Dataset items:

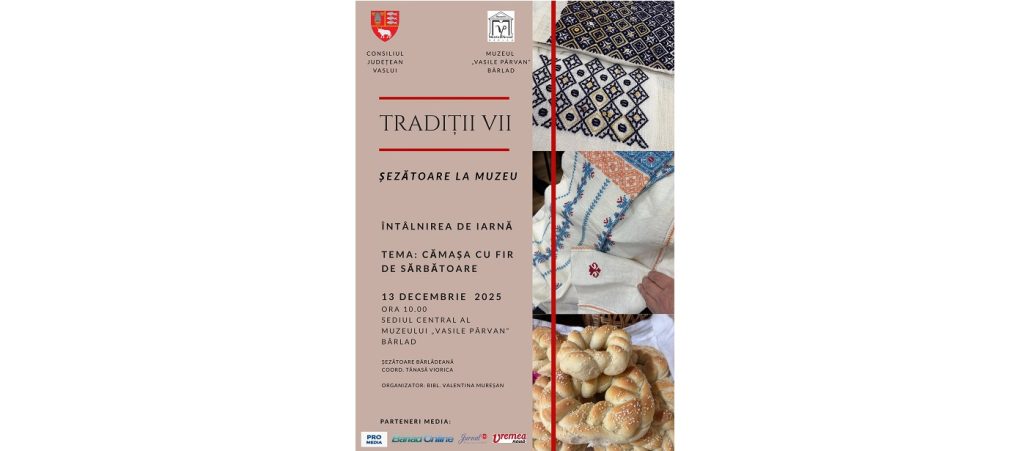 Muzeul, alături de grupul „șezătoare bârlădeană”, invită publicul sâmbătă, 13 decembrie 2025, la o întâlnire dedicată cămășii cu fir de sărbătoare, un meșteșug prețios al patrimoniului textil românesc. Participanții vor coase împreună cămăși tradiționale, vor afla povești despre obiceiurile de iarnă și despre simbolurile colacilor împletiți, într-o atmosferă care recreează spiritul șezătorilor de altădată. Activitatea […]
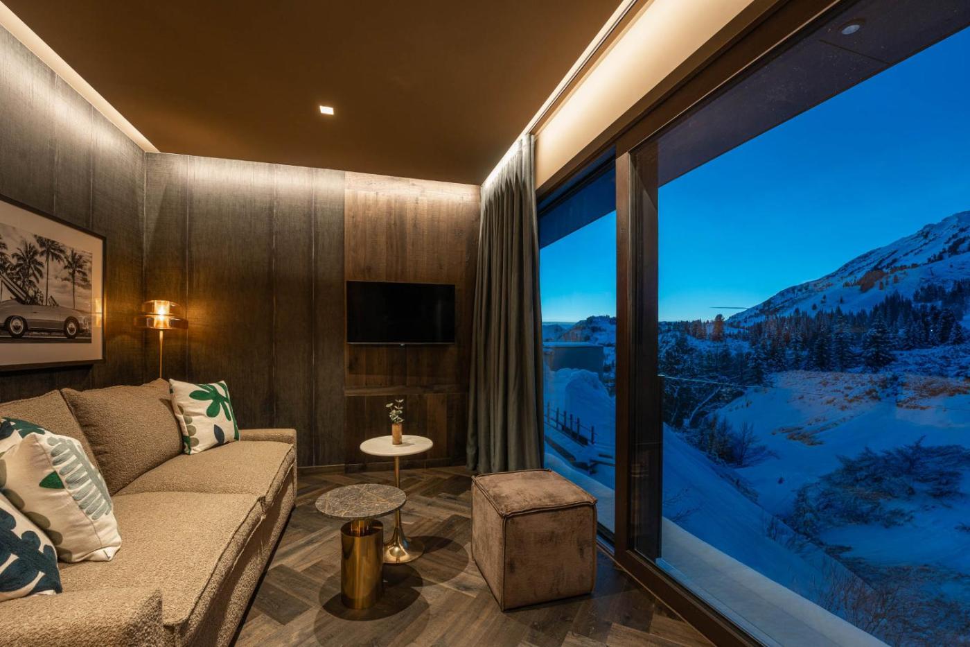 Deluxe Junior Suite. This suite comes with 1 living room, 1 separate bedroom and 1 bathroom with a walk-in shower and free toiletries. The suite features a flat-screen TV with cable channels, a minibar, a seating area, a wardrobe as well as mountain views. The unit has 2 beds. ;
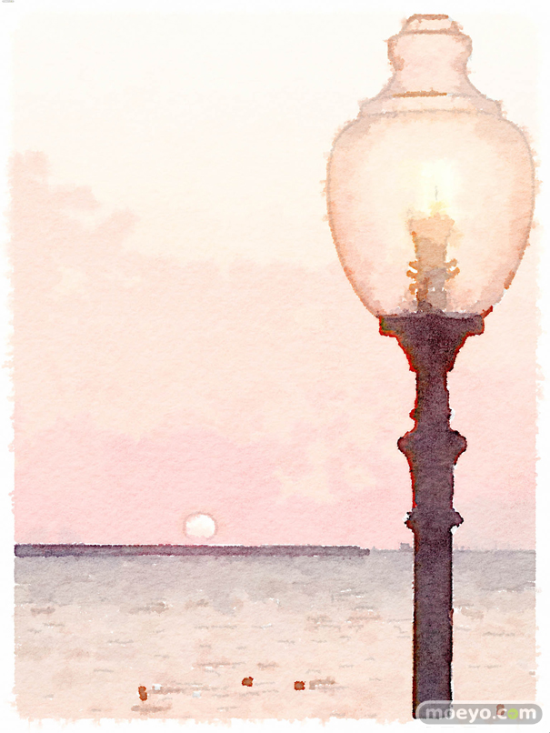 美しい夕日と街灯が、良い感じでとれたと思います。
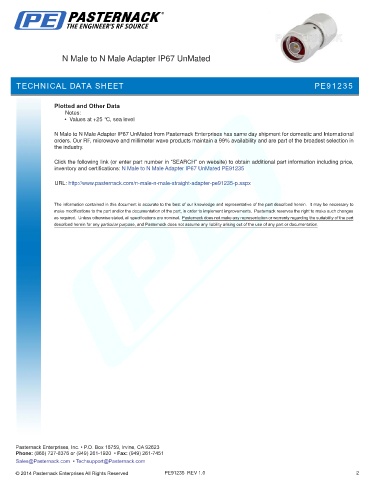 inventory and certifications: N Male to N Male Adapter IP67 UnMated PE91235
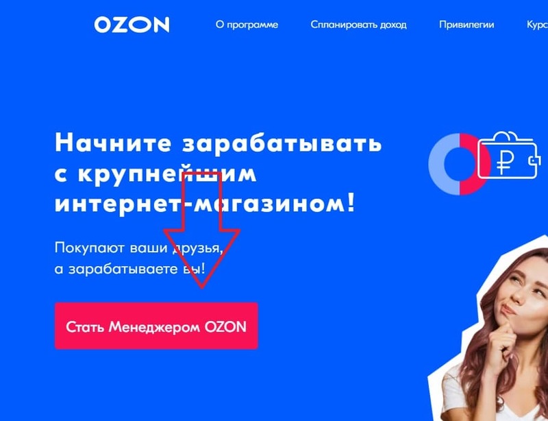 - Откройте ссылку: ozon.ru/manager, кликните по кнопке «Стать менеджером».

■ What the exercise asks: Word for word, write out each line of the records, but leave the pictures behind.

■ Result of the exercise:
 Muzeul, alături de grupul „șezătoare bârlădeană”, invită publicul sâmbătă, 13 decembrie 2025, la o întâlnire dedicată cămășii cu fir de sărbătoare, un meșteșug prețios al patrimoniului textil românesc. Participanții vor coase împreună cămăși tradiționale, vor afla povești despre obiceiurile de iarnă și despre simbolurile colacilor împletiți, într-o atmosferă care recreează spiritul șezătorilor de altădată. Activitatea […]
 Deluxe Junior Suite. This suite comes with 1 living room, 1 separate bedroom and 1 bathroom with a walk-in shower and free toiletries. The suite features a flat-screen TV with cable channels, a minibar, a seating area, a wardrobe as well as mountain views. The unit has 2 beds. ;
 美しい夕日と街灯が、良い感じでとれたと思います。
 inventory and certifications: N Male to N Male Adapter IP67 UnMated PE91235
 - Откройте ссылку: ozon.ru/manager, кликните по кнопке «Стать менеджером».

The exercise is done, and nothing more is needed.